Task goal – Without changing a thing, reproduce the entire listing and leave out its pictures.

Dataset section –
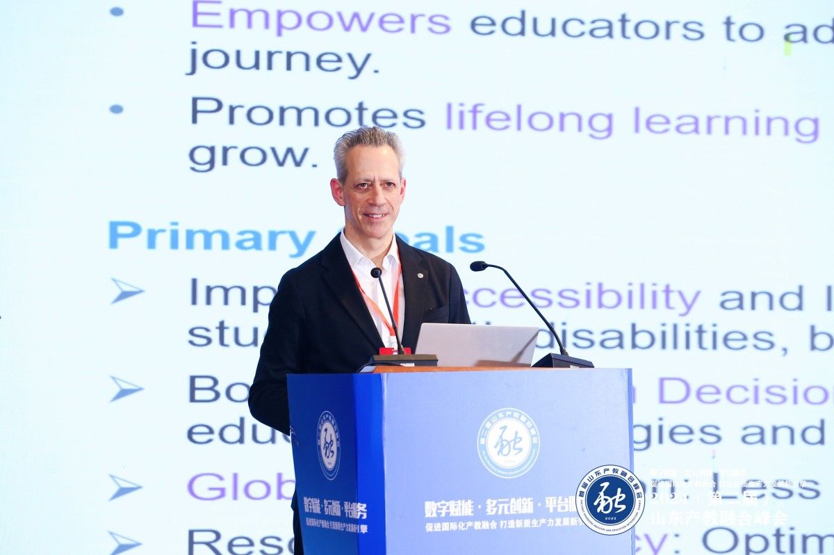 山东省教育厅总督学王志刚在讲话时指出,山东是教育大省,在全国教育版图中具有举足轻重的地位。山东坚持把产教融合作为经济转型升级的“助推器”、促进就业创业的“稳定器”、培育发展新动能的“催化器”,不断出台支持政策、搭建合作平台,推动教育与产业双向奔赴、相互赋能。欢迎来自各地的企业带着情怀、带着需求、带着资源,与山东院校携起手来,合作办学、合作育人、合作就业、合作发展。
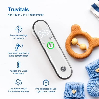 - Truvitals non-touch 2-in-1 thermometer; Accurate readings in 1 second; Non-touch readings to avoid contamination; Audible and visual fever alerts; 32 memory slots for previous readings; pre-calibrated for use right out of the box.
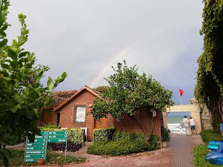 Blick zum Strandausgang mit Regenbogen nach dem Sturm.
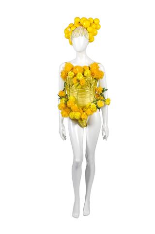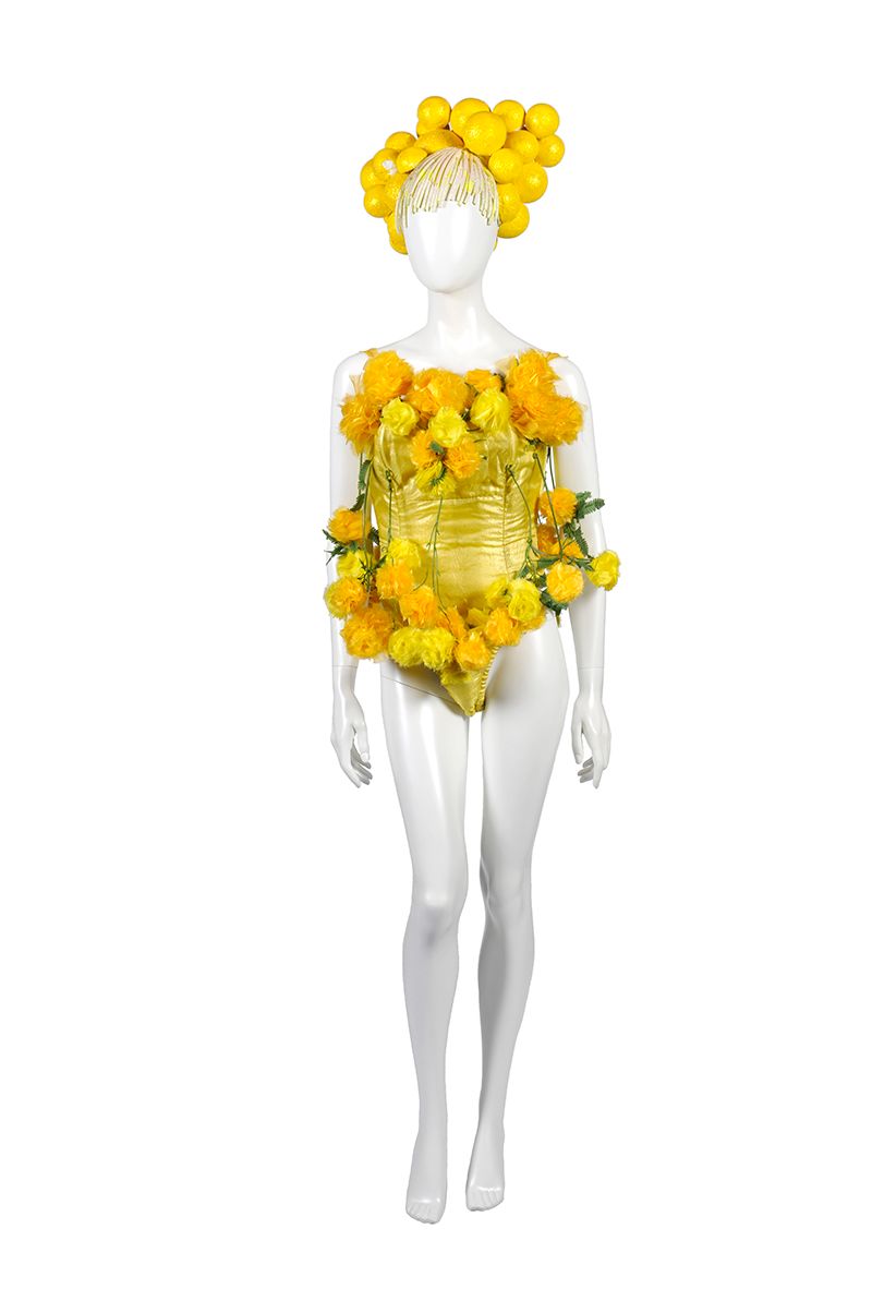 The unique costume comprises a lined golden G-string leotard, covered with plastic green foliage and tulle yellow and gold pom poms to replicate wattle. It was designed by Tim Chappel and Lizzy Gardiner.

Solution –
 山东省教育厅总督学王志刚在讲话时指出,山东是教育大省,在全国教育版图中具有举足轻重的地位。山东坚持把产教融合作为经济转型升级的“助推器”、促进就业创业的“稳定器”、培育发展新动能的“催化器”,不断出台支持政策、搭建合作平台,推动教育与产业双向奔赴、相互赋能。欢迎来自各地的企业带着情怀、带着需求、带着资源,与山东院校携起手来,合作办学、合作育人、合作就业、合作发展。
 - Truvitals non-touch 2-in-1 thermometer; Accurate readings in 1 second; Non-touch readings to avoid contamination; Audible and visual fever alerts; 32 memory slots for previous readings; pre-calibrated for use right out of the box.
 Blick zum Strandausgang mit Regenbogen nach dem Sturm.
 The unique costume comprises a lined golden G-string leotard, covered with plastic green foliage and tulle yellow and gold pom poms to replicate wattle. It was designed by Tim Chappel and Lizzy Gardiner.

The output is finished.